The web technical community groups, W3C and OASIS, have created standards to service the requirement to define the policy applicable to Web services.

Examples of specifications that define domain-specific policy assertions: For more information about WS-MediationPolicy, see ftp://public.dhe.ibm.com/software/solutions/soa/pdfs/WSMediationPolicy1.6-20120124.pdf.
The WS-Policy Data Model includes:
The following example, Figure 1, shows a security policy expression using assertions defined in WS-Security and WS-SecurityPolicy:
Figure 1. Use of Web Services Policy with security policy assertions.
(01) <wsp:Policy
   xmlns:sp=http://docs.oasis-open.org/ws-sx/ws-securitypolicy/200702
   xmlns:wsp=http://www.w3.org/ns/ws-policy
   xmlns:wsu=http://docs.oasis-open.org/wss/2004/01/oasis-200401-wss-wssecurity-utility-1.0.xsd
   wsu:Id="SecureMessages">  <!-- policy expression -->
(02)   <wsp:ExactlyOne>
(03)     <wsp:All>    <!-- policy alternative #1 -->
(04)       <sp:SignedParts>;   <!-- policy assertion -->
(05)         <sp:Body>   <!-- policy assertion parameter --> 
(06)       </sp:SignedParts>
(07)     </wsp:All> 
(08)     <wsp:All>    <!-- policy alternative #2 -->
(09)       <sp:EncryptedParts> <!-- policy assertion -->
(10)         <sp:Body/>   <!-- policy assertion parameter -->
(11)       </sp:EncryptedParts> 
(12)     </wsp:All> 
(13)   </wsp:ExactlyOne> 
(14) </wsp:Policy>

Lines (03-07) represent one policy alternative for signing a message body.

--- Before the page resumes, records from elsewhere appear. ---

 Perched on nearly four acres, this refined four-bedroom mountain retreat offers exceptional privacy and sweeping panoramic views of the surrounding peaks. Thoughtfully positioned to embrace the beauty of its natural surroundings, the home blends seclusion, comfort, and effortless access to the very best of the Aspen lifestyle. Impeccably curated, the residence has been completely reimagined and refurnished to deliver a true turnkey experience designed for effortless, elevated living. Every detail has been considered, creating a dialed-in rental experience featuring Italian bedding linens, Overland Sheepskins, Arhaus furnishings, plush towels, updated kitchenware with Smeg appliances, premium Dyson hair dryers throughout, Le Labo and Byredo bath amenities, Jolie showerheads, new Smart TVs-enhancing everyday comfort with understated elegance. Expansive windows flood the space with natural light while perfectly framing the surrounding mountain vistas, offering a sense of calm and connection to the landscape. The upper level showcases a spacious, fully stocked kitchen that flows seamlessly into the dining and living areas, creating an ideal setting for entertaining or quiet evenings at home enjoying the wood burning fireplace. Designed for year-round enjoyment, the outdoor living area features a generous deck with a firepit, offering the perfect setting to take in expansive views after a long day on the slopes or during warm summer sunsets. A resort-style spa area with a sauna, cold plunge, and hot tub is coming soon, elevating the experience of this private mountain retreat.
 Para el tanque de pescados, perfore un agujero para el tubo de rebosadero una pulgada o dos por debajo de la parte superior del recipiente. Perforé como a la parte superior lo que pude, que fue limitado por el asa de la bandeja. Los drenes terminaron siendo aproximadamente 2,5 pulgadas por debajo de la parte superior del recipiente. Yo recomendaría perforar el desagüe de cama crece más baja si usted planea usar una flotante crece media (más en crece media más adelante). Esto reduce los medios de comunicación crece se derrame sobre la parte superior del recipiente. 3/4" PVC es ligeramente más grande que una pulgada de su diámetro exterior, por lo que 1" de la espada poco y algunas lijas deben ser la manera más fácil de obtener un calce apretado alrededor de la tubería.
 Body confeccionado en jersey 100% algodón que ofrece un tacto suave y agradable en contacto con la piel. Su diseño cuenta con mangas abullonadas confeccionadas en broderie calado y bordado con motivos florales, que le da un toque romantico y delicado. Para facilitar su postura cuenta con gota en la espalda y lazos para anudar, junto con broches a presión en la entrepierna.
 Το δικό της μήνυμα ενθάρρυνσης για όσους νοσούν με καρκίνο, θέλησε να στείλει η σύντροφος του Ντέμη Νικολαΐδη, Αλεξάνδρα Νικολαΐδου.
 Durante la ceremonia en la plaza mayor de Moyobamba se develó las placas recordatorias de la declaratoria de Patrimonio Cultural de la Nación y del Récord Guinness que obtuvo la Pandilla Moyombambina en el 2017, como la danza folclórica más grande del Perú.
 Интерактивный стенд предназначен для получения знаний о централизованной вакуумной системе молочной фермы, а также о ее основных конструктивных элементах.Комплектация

Lines (08-12) represent a second policy alternative for encrypting a message body.

Lines (02-13) show the ExactlyOne policy operator. Policy operators group policy assertions into policy alternatives. A valid interpretation of the policy above would be that an invocation of a Web service will either sign or encrypt the message body, but not both.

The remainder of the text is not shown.